## Work instruction
Exactly the lines below, starting with the one containing "开发者工具里模拟2.11.3及以下 提示方法不存在" and going on through the one containing "hoco наушники внутриканальные", must be reproduced, both ends included, and no pictures with them.

Data to examine: Begin

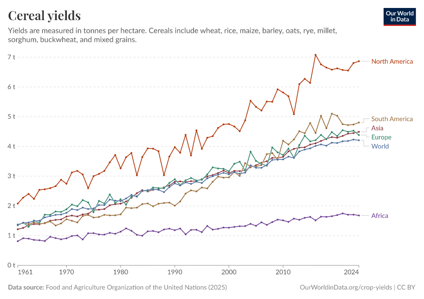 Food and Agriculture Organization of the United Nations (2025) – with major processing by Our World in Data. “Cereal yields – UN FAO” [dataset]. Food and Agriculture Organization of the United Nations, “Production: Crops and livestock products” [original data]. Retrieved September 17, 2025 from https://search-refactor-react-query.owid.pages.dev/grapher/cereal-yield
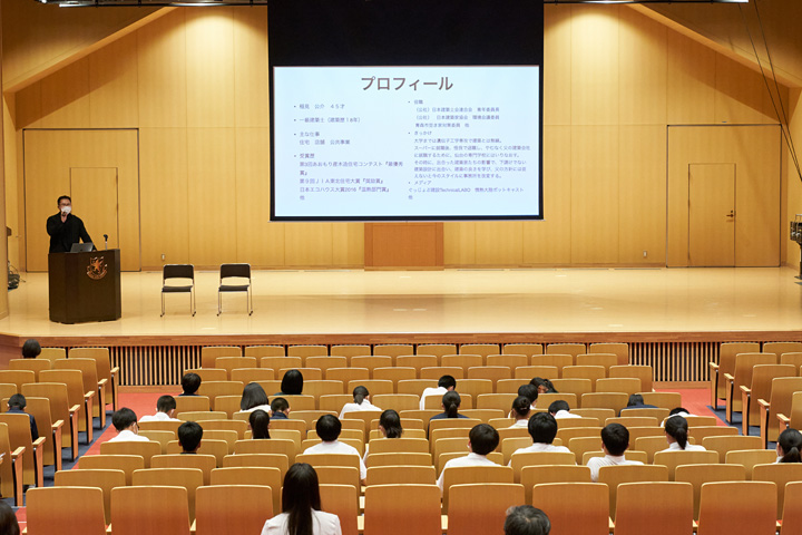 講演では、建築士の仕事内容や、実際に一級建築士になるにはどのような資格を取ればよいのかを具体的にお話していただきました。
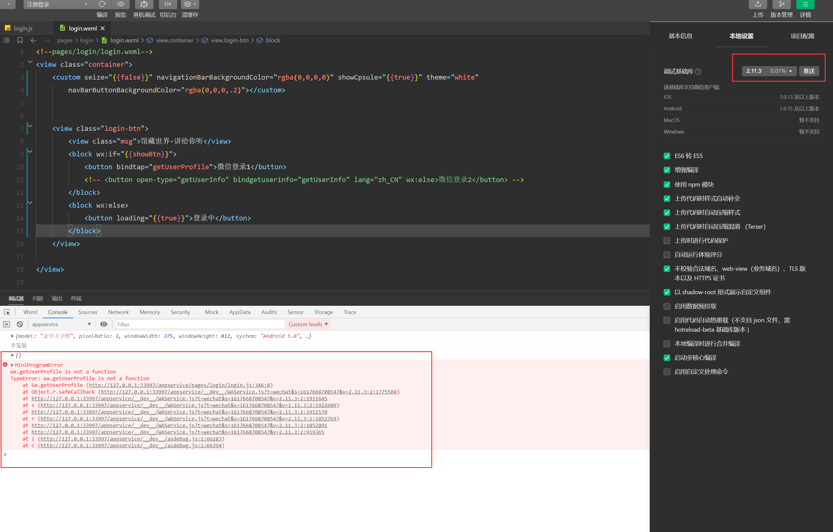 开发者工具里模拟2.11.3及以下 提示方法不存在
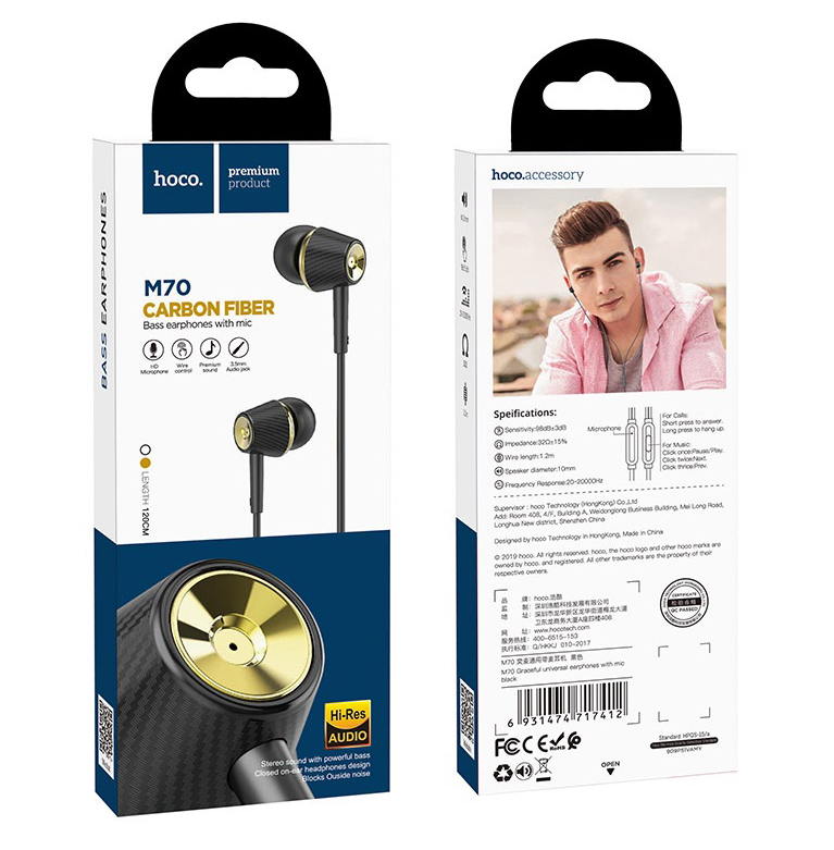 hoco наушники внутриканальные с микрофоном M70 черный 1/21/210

Data to examine: End
Data to examine: Begin

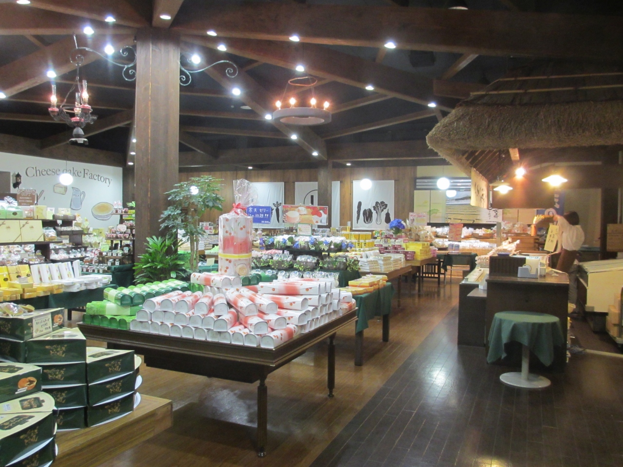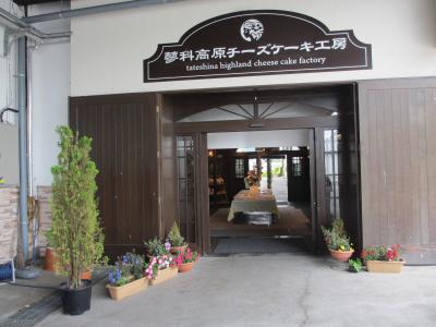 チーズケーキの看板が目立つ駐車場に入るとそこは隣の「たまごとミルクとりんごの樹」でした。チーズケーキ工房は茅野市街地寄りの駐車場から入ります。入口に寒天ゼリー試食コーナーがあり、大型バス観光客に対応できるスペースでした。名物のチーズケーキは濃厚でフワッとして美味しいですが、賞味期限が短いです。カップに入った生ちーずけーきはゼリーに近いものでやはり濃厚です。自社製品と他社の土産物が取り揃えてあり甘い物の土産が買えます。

Data to examine: End
Data to examine: Begin

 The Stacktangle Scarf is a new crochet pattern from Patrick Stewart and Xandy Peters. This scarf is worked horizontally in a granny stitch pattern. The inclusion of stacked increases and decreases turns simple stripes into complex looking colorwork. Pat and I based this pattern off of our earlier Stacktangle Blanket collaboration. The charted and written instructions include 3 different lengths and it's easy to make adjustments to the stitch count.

Data to examine: End

## Response box
 开发者工具里模拟2.11.3及以下 提示方法不存在
 hoco наушники внутриканальные с микрофоном M70 черный 1/21/210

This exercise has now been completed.